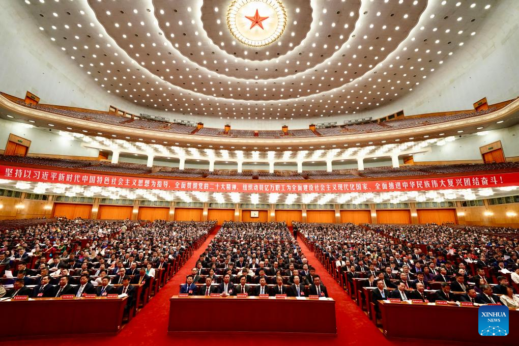 The 18th National Congress of the All-China Federation of Trade Unions (ACFTU) closes at the Great Hall of the People in Beijing, capital of China, Oct. 12, 2023. (Photo by Wang Xin/Xinhua)
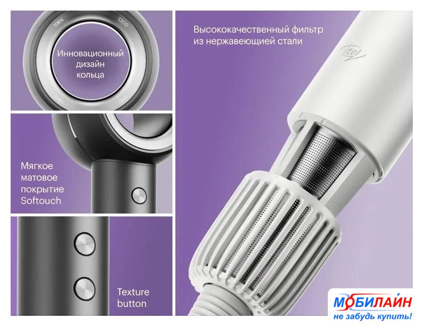 2200 Вт, ионизация, независимая регулировка температуры, шнур 1.8 м, серый
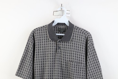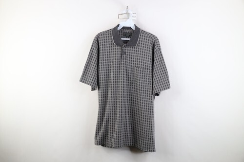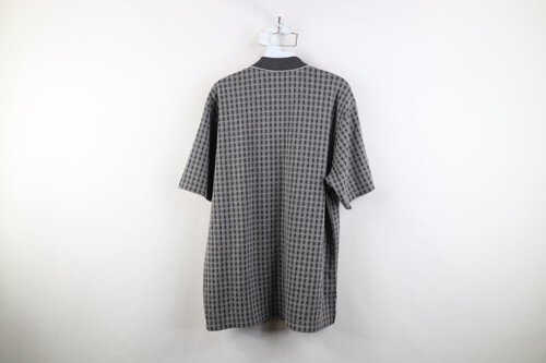 - Vintage 90s Y2K Streetwear Mens Medium Faded Checkered Knit Golf Polo Shirt Gray
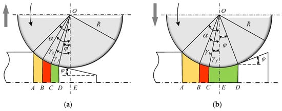 Considering the thickening rolling shown in Figure 6a as the object of study, it is known that the forward slip zone’s longitudinal length is line segment CD, and the backward slip zone’s longitudinal length is line segment AB. By solving for the geometric lengths of the various line segments in the figure, the expressions for the forward slip zone’s longitudinal length and the backward slip zone’s longitudinal length during the thickening rolling process can be obtained:
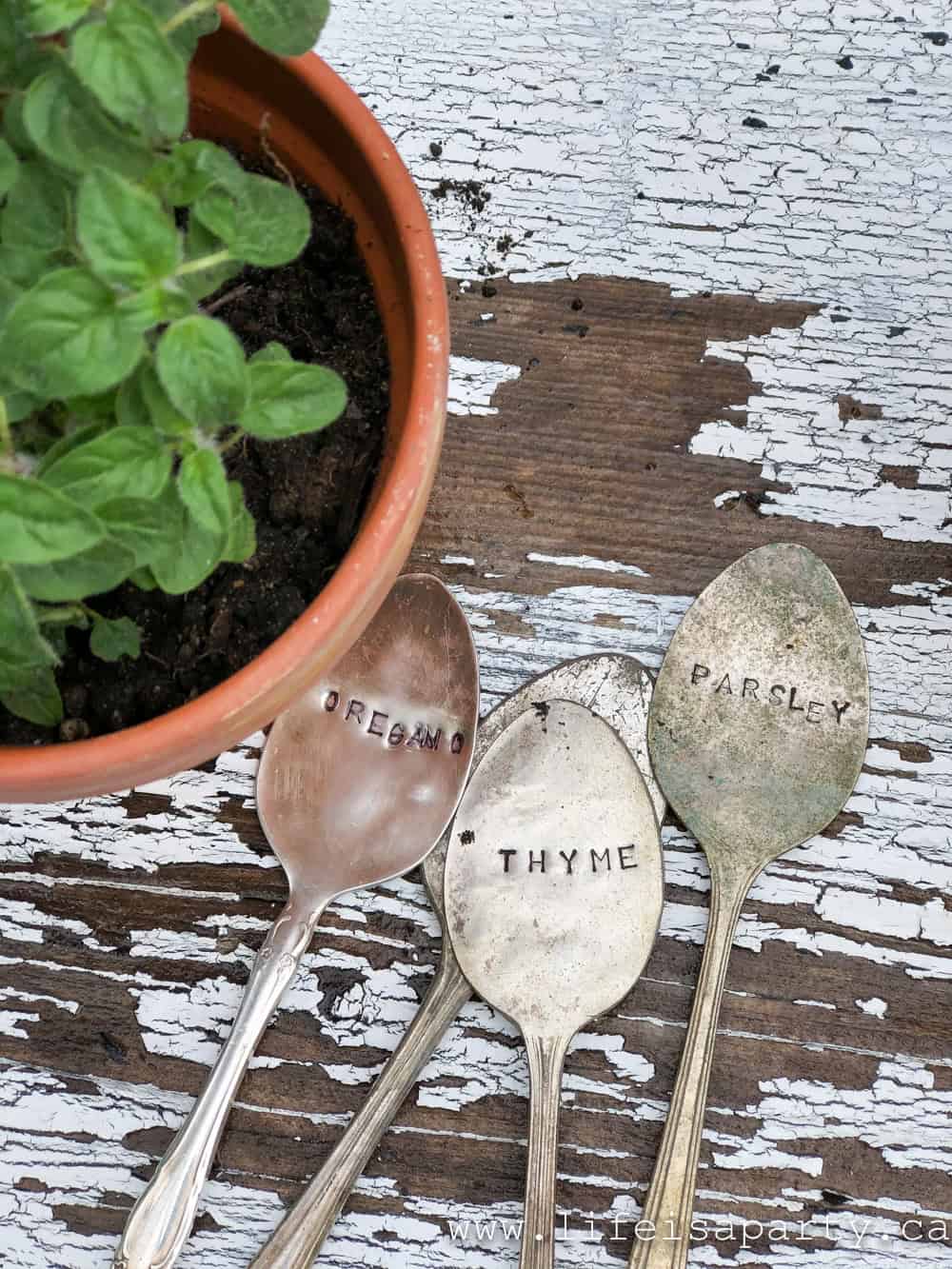 How To Make Stamped Spoon Garden Markers: use metal stamps to engrave old spoons with plant and herb names, or funny or inspirational sayings.
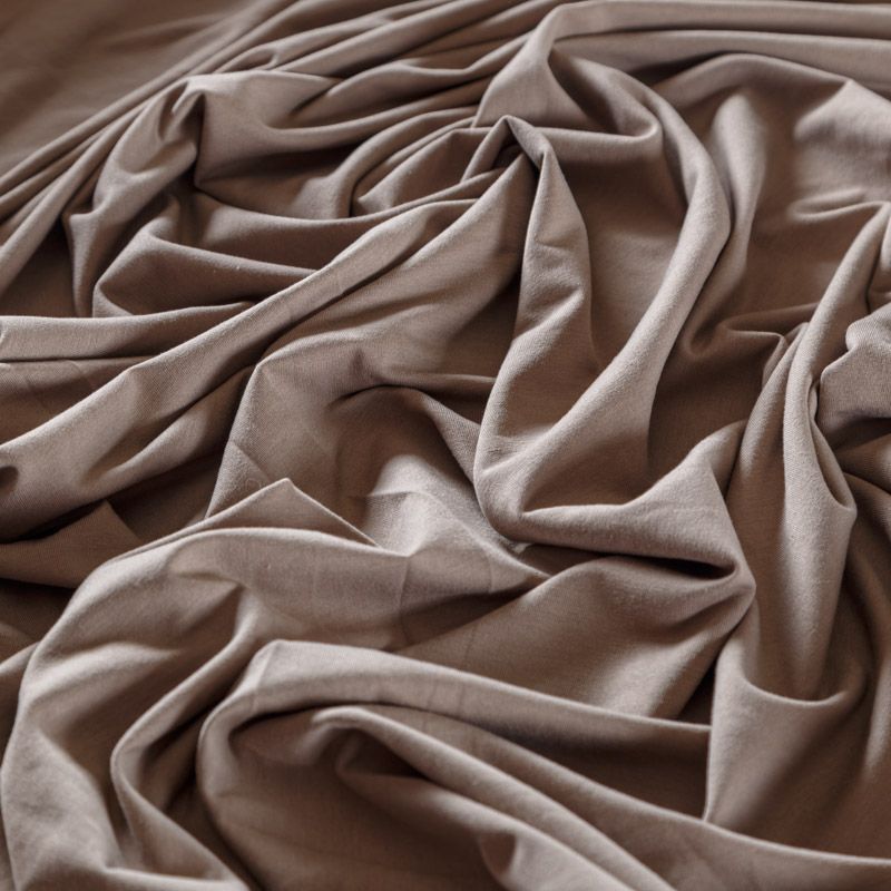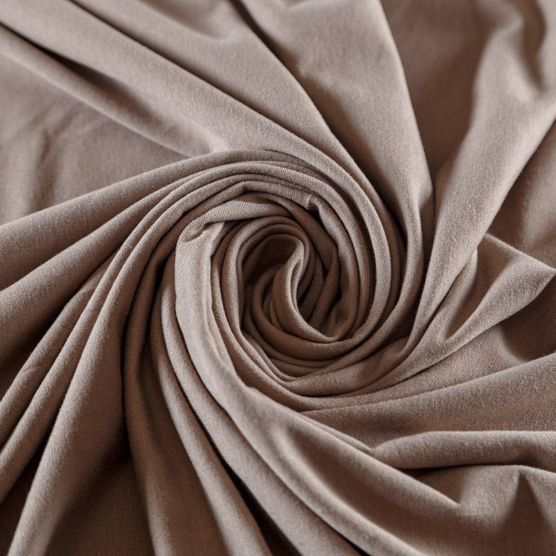 Смесовое трикотажное полотно с гладкой однородной поверхностью, которое особенно эффектно смотрится в драпировке. Материал средней плотности, не просвечивает, приятный к телу и комфортный в носке. Подойдет для пошива топов, футболок, бадлонов, лонгслива, кардигана, спортивного платья, джоггеров, шорт.

About this exercise — The response is the full listing, copied exactly, with the pictures omitted.

Exercise solution —
 The 18th National Congress of the All-China Federation of Trade Unions (ACFTU) closes at the Great Hall of the People in Beijing, capital of China, Oct. 12, 2023. (Photo by Wang Xin/Xinhua)
 2200 Вт, ионизация, независимая регулировка температуры, шнур 1.8 м, серый
 - Vintage 90s Y2K Streetwear Mens Medium Faded Checkered Knit Golf Polo Shirt Gray
 Considering the thickening rolling shown in Figure 6a as the object of study, it is known that the forward slip zone’s longitudinal length is line segment CD, and the backward slip zone’s longitudinal length is line segment AB. By solving for the geometric lengths of the various line segments in the figure, the expressions for the forward slip zone’s longitudinal length and the backward slip zone’s longitudinal length during the thickening rolling process can be obtained:
 How To Make Stamped Spoon Garden Markers: use metal stamps to engrave old spoons with plant and herb names, or funny or inspirational sayings.
 Смесовое трикотажное полотно с гладкой однородной поверхностью, которое особенно эффектно смотрится в драпировке. Материал средней плотности, не просвечивает, приятный к телу и комфортный в носке. Подойдет для пошива топов, футболок, бадлонов, лонгслива, кардигана, спортивного платья, джоггеров, шорт.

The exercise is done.